● **Requirement**: From the data below, retype exactly the lines starting with the one that contains "SWEETV Rhinestone Bridal" and ending with the one that contains "ست ظرف شیشه ای مستطیل در چوبی", both included.

● **Dataset records**:

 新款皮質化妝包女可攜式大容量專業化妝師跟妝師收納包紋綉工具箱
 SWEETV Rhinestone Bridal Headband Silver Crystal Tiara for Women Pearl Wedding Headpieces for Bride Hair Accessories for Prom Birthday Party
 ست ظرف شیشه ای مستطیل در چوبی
* * *
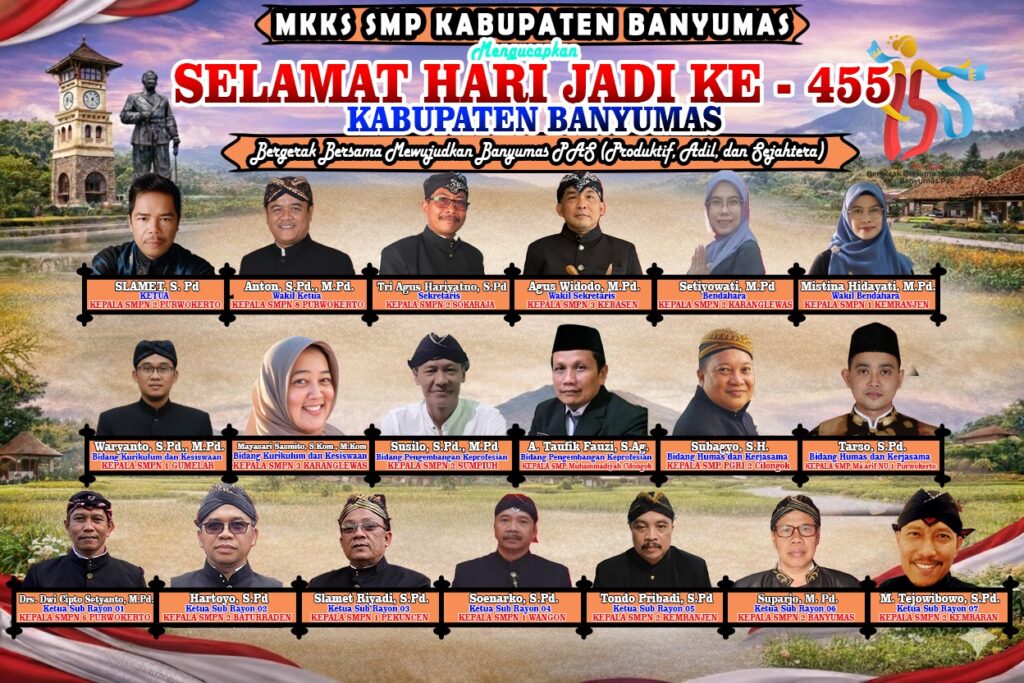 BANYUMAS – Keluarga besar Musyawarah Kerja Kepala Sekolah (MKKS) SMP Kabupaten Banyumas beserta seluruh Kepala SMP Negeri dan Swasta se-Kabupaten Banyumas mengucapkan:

● **Response to this exercise**:
 SWEETV Rhinestone Bridal Headband Silver Crystal Tiara for Women Pearl Wedding Headpieces for Bride Hair Accessories for Prom Birthday Party
 ست ظرف شیشه ای مستطیل در چوبی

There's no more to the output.